You can only change training strategies and data preprocessing.
Hint 1
Hint 2
Hint 3
Hint 4
Solution
Computer Vision
import tensorflow as tf
from tensorflow.keras import layers, models
from tensorflow.keras.preprocessing.image import ImageDataGenerator

# Load dataset (placeholder, replace with actual data loading)
# For example purposes, use CIFAR-10 but only 500 samples
(x_train, y_train), (x_test, y_test) = tf.keras.datasets.cifar10.load_data()

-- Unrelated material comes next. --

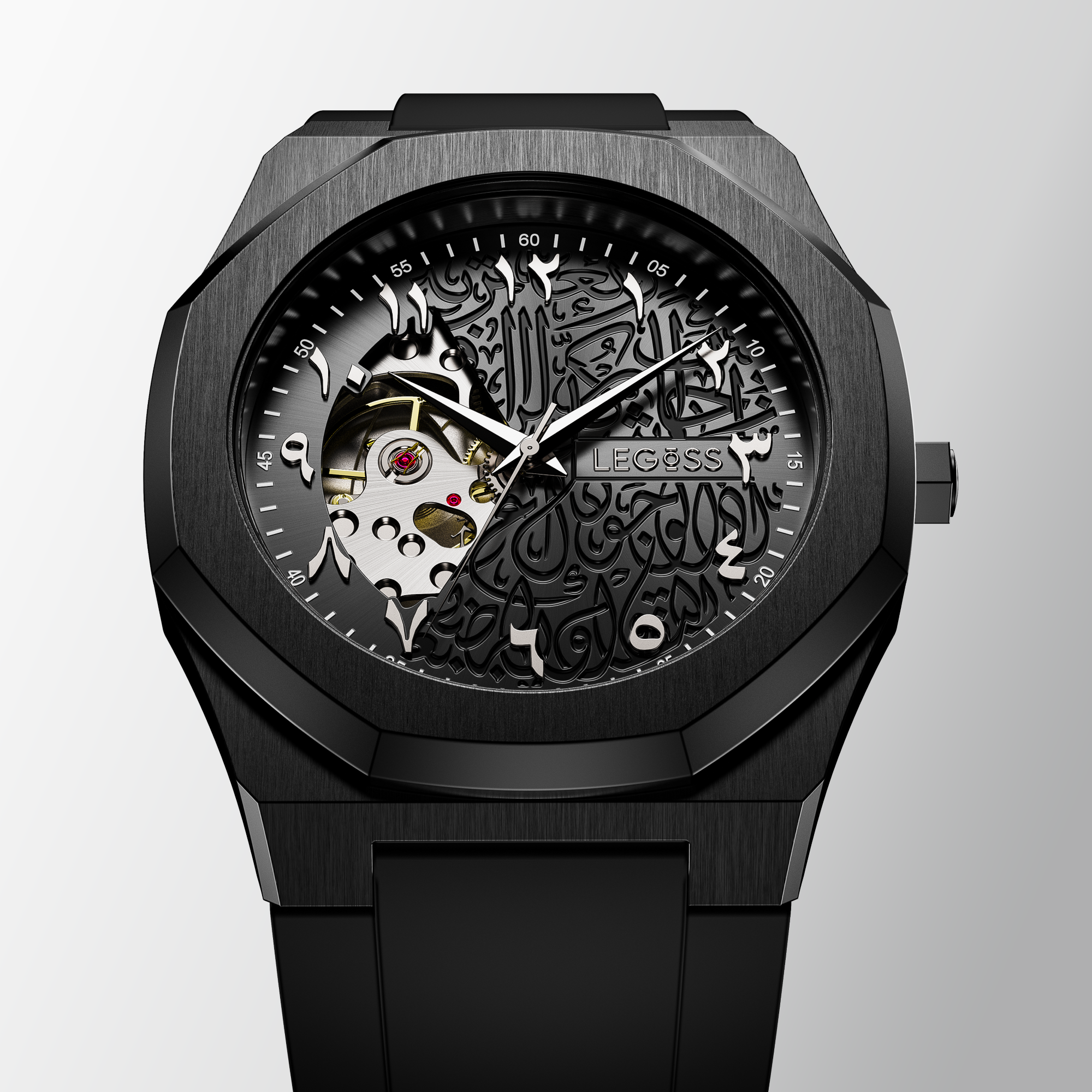 A wristwatch that is both luxurious and practical, built in a sleek style. The watch features Arabic indices that gleam against a dark background covered in Arabic calligraphy. Add a touch of class to your outfit and be assured in your appearance!

# Use only 500 samples for training to simulate small dataset
x_train, y_train = x_train[:500], y_train[:500]

# Normalize images
x_train = x_train.astype('float32') / 255.0
x_test = x_test.astype('float32') / 255.0

# Data augmentation
datagen = ImageDataGenerator(
    rotation_range=20,
    width_shift_range=0.2,
    height_shift_range=0.2,
    horizontal_flip=True
)
datagen.fit(x_train)

# Define model architecture (same as original)
model = models.Sequential([
    layers.Conv2D(32, (3,3), activation='relu', input_shape=(32,32,3)),
    layers.MaxPooling2D((2,2)),
    layers.Conv2D(64, (3,3), activation='relu'),
    layers.MaxPooling2D((2,2)),
    layers.Flatten(),
    layers.Dropout(0.5),  # Added dropout to reduce overfitting
    layers.Dense(64, activation='relu'),
    layers.Dense(10, activation='softmax')
])

model.compile(optimizer='adam', loss='sparse_categorical_crossentropy', metrics=['accuracy'])

# Early stopping callback
early_stop = tf.keras.callbacks.EarlyStopping(monitor='val_loss', patience=5, restore_best_weights=True)

# Train model with data augmentation
history = model.fit(
    datagen.flow(x_train, y_train, batch_size=32),
    epochs=50,
    validation_data=(x_test, y_test),
    callbacks=[early_stop]
)

# Evaluate final model
train_loss, train_acc = model.evaluate(x_train, y_train, verbose=0)
val_loss, val_acc = model.evaluate(x_test, y_test, verbose=0)

print(f'Training accuracy: {train_acc*100:.2f}%')
print(f'Validation accuracy: {val_acc*100:.2f}%')
Added data augmentation to increase effective dataset size.
Added dropout layer before dense layers to reduce overfitting.
Used early stopping to stop training when validation loss stops improving.
Results Interpretation

Before: Training accuracy 98%, Validation accuracy 60%, high overfitting.

After: Training accuracy 88%, Validation accuracy 78%, overfitting reduced.

Using data augmentation, dropout, and early stopping helps reduce overfitting on small datasets and improves validation accuracy.
Bonus Experiment
Try using transfer learning with a pre-trained model like MobileNetV2 and fine-tune it on the small dataset.
💡 Hint
Freeze the base layers of the pre-trained model and train only the top layers first, then optionally unfreeze some base layers for fine-tuning.